Investing in megatrends: cyber security ETF case study

Investing in megatrends: cyber security ETF case study
  • Investment Insights
  • 5 minute read

Browsing through the weekly threat reports on the National Cyber Security Centre website makes for sobering reading1. Apart from headline grabbing issues, such as the Wannacry attack which hit the NHS in 2018 or the hoo-ha over Huawei’s restricted contribution to the UK’s proposed 5G network, there are innumerable others largely unknown to the public. Trickbot attacks on colleges, coronavirus phishing scams luring readers with “unreleased cures”, and criminals using a platform called Bitbucket to host malware – to name but a few threats. In 2019, the NCSC took down 172,335 phishing URLs2. We are all, it would seem, under near-constant attack.

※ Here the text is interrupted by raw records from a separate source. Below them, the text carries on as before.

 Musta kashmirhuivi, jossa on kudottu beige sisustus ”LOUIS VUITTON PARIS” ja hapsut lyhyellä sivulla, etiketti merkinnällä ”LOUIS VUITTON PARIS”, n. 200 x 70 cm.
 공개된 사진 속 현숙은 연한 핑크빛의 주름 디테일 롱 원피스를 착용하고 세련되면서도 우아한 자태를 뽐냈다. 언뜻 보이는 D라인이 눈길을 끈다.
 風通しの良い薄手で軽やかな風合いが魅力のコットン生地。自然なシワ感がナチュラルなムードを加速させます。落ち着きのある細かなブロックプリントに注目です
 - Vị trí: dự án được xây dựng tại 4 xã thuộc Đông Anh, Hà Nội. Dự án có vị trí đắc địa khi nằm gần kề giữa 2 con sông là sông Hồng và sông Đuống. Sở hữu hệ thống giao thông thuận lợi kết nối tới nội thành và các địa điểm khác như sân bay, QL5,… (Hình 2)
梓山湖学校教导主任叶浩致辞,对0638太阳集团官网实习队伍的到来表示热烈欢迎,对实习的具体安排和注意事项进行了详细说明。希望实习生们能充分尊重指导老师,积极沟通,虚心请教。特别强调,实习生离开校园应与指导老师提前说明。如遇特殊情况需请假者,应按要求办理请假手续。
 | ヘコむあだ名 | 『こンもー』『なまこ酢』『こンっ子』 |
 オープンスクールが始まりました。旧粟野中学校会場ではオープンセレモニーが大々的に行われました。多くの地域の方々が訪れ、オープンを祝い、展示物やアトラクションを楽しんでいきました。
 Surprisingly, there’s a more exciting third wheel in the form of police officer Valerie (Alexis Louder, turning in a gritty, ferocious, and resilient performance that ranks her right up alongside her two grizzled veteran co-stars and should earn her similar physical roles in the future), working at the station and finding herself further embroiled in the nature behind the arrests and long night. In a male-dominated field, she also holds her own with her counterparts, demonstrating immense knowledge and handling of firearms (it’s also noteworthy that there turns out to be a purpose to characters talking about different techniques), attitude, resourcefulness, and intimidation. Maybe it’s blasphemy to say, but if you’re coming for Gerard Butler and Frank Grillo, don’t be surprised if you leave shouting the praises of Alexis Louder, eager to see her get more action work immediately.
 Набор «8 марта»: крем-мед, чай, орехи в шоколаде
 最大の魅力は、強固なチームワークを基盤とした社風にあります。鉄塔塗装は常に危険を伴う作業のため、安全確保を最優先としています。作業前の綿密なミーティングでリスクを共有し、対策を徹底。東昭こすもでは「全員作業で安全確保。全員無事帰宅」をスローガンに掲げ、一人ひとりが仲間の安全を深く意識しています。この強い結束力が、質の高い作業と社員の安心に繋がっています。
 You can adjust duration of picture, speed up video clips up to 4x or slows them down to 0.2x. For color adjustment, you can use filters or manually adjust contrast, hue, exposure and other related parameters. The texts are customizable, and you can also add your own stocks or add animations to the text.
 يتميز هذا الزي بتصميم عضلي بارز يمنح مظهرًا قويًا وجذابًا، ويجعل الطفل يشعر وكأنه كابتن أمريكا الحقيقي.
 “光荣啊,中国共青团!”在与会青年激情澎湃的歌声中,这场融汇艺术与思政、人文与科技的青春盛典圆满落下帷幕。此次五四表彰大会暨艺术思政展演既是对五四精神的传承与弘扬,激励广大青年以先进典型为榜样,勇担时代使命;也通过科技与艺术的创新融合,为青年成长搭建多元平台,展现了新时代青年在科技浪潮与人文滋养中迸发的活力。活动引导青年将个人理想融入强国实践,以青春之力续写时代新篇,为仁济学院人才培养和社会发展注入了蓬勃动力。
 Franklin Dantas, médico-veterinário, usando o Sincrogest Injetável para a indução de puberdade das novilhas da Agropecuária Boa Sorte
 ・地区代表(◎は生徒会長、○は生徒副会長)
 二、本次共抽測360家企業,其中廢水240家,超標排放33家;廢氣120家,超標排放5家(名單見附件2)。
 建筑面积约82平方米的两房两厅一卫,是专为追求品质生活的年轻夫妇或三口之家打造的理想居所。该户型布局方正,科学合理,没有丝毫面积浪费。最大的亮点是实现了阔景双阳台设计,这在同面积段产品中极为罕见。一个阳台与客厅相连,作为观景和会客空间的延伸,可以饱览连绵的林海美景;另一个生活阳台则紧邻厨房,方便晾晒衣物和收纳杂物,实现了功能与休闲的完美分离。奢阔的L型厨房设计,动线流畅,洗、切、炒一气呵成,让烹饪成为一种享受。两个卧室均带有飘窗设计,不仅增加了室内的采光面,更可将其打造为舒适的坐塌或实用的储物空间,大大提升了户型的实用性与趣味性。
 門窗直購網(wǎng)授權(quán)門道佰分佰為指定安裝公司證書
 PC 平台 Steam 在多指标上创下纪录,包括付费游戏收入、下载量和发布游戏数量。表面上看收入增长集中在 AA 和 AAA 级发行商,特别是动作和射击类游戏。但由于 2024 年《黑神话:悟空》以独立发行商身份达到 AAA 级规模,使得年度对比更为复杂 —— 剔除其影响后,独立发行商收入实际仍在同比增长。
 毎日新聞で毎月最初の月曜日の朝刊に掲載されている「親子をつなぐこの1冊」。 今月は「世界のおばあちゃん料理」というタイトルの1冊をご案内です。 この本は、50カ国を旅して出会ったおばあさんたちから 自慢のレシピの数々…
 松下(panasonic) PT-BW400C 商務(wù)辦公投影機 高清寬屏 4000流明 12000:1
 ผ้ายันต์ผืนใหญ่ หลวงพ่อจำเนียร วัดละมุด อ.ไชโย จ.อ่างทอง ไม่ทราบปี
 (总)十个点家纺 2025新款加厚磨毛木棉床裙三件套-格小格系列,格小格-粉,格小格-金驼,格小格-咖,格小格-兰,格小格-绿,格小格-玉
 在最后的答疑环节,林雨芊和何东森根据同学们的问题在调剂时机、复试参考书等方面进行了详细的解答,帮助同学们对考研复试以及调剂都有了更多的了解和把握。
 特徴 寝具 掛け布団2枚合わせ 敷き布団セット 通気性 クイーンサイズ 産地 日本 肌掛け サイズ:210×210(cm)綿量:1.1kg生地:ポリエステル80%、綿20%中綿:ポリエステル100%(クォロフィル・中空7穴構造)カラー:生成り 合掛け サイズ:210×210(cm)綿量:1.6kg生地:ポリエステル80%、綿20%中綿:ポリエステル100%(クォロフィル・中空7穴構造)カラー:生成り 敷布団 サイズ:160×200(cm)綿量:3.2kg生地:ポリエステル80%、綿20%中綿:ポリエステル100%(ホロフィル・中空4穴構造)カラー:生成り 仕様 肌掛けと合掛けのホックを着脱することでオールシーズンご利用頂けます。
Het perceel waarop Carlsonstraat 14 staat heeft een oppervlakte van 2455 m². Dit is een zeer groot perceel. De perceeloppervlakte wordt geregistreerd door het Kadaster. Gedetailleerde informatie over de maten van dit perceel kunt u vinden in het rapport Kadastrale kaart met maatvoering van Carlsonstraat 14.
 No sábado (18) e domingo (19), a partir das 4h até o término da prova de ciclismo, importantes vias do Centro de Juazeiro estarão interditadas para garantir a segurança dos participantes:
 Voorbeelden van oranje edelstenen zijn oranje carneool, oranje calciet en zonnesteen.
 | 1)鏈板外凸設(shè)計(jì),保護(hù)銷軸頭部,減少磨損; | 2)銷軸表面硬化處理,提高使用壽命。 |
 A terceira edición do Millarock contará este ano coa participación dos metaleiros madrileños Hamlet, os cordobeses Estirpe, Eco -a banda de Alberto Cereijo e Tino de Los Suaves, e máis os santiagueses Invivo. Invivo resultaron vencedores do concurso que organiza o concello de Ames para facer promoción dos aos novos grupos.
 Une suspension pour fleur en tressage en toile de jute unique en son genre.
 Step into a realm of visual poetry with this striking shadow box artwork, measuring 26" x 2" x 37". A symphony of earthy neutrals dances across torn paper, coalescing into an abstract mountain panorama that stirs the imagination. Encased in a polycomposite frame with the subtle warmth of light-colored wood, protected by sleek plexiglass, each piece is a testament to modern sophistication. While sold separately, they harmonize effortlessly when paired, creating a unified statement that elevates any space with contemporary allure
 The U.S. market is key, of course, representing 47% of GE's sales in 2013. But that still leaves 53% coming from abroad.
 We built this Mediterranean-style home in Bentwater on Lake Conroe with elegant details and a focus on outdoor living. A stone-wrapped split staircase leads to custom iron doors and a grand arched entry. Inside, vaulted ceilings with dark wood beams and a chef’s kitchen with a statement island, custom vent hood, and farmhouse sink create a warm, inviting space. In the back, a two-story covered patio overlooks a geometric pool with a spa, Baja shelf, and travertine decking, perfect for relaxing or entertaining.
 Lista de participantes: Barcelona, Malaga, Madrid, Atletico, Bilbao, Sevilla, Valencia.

Cyber security is now one of the defining issues of our age. Individuals, companies and nation-states are adapting to this new criminal reality, with a hefty price to pay if we cannot protect ourselves. Global cyber security spending will exceed $1 trillion between 2017 and 2021 as governments and companies attempt to keep data safe and secure3. It is now considered a top priority for company boards all over the world.

From an investment perspective, cyber security is a megatrend – an irreversible change which will alter our lives, perhaps of a similar magnitude to robotics and artificial intelligence (AI). In some senses it is a ‘higher order’ investment theme, given that any technological device or gadget running a piece of software is theoretically at risk. It is estimated that by 2025, there will be 100 billion internet-connected devices globally: kettles, cars, baby monitors4, CCTV cameras, burglar alarms – all opening up a new front on privacy, data theft and data security5. Whether state-sponsored attacks or a lone hacker, the stakes are high.

Fly on the wall

Consequently, to gain exposure to this megatrend in the Close Tactical Select Passive (TSP) Fund range, we invested in L&G’s Cyber Security UCITS ETF (Exchange Traded Fund). This ETF offers intra-day liquidity and full physical replication of the ISE Cyber Security Net Total Return Index – a benchmark of ~50 companies which meet its criteria for inclusion:

  • Minimum 10% revenue from cyber security
  • Minimum free-float adjusted market cap of $100m
  • 3-month average daily traded value (ADTV) of >$1m and 5-day rolling ADTV over last 60 days of >$750k

As a thematic play, this ETF delivers targeted exposure – with the median revenue from cyber security related activities of around 80% – and a minimal constituent overlap of around 1% with the S&P 500 Index and the MSCI World Index. It also invests across the market cap spectrum with approximately one third each in large-, mid- and small-cap companies, while accessing promising technologies as well as tried-and-tested cyber security methods from countries including the US, South Korea and Israel. With a Total Expense Ratio (TER) of 0.75%, accessing this specialist investment theme may be more expensive than the average ETF, but we anticipate it will be a worthwhile addition to the TSP fund range.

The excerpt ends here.